Frontier AI labs should design and modify their systems to be less dangerous and more controllable. For example, labs can:

  • Filter training data to prevent models from acquiring dangerous capabilities and properties
  • Use a robust training signal even on tasks where performance is hard to evaluate
  • Reduce undesired behavior, especially in high-stakes situations, via adversarial training

More.

What OpenAI is doing

They work on scalable oversight and plan to use scalable oversight to align superhuman AI. They used red-teaming and adversarial training for GPT-4. They use RLHF and fine-tuning for safety. They have made commitments that could require them to pause training for safety, but the threshold is very high and the safety measures they commit to implement are unclear.

Evaluation

We give OpenAI a score of 55% on training.

For more, including weighting between different criteria, see the Training page.

Filtering training data.

  • Filter training data to reduce extreme risks, at least including text on biological weapons; hacking; and AI risk, safety, and evaluation. Share details to help improve others’ safety filtering. Score: No.
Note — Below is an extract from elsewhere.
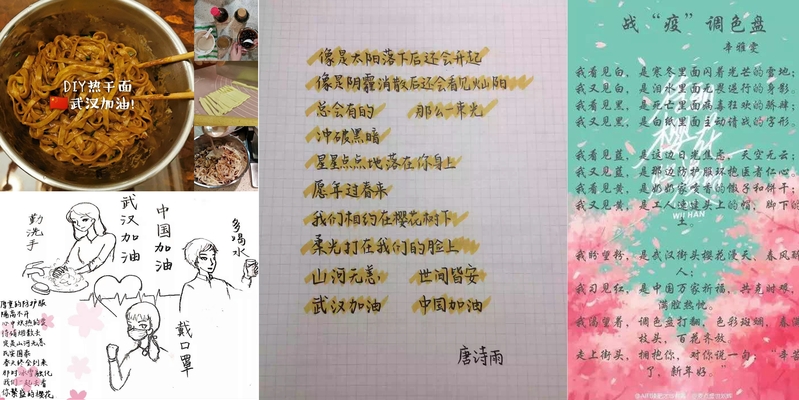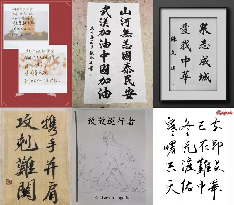 在党组织、政府及学校的统筹安排下,马院学生高度关注疫情最新情况,用自己的实际行动,帮助伟大祖国攻坚克难:通过互联网向武汉捐赠医疗物资,发表疫情随感,讲述身边人的故事;通过书法、绘画、诗词等形式,为“逆行者”们加油,共筑人心城墙。
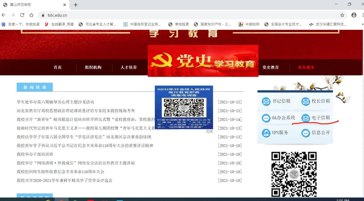 二是登陆伟德主页(),点击右侧的电子信箱即可进入邮箱登陆界面:

Training signal & scalable oversight.

  • Work on scalable oversight. Score: Yes. They work on scalable oversight and plan to use scalable oversight to align superhuman AI.

Adversarial training & red-teaming.

  • Do some adversarial training for safety. Score: Yes. They used red-teaming and adversarial training for GPT-4.

Unlearning.

  • Use unlearning for dangerous topics including biorisks; hacking; and AI risk, safety, and evaluation. Also demonstrate that this technique is successful and commit to use this technique for future powerful models. Score: No.

RLHF and fine-tuning.

  • Use RLHF (or similar) and fine-tuning to improve honesty and harmlessness, for all of the near-frontier models the lab deploys. Score: Yes.

Commitments.

  • Do risk assessment during training and commit that some specific trigger would cause the lab to pause training. Score: 50%: this is part of OpenAI’s Prepardness Framework, which has not yet been implemented. The PF says says that if they “reach (or are forecasted to reach) ‘critical’ pre-mitigation risk along any risk category,” they will implement mitigations and require “dependable evidence that the model is sufficiently aligned that it does not initiate ‘critical’-risk-level tasks unless explicitly instructed to do so” before continuing development, except “safety-enhancing development.” However, the ‘critical’ risk threshold is very high; a model below the threshold could cause a catastrophe. Additionally, OpenAI may be required to share the dangerous model with Microsoft, which has no analogous commitments.

Scalable alignment

Labs should be able to understand and control their models and systems built from those models. More.

What OpenAI is doing

Like all other labs, OpenAI hasn’t achieved any real alignment properties.

Evaluation

We give OpenAI a score of 0% on alignment.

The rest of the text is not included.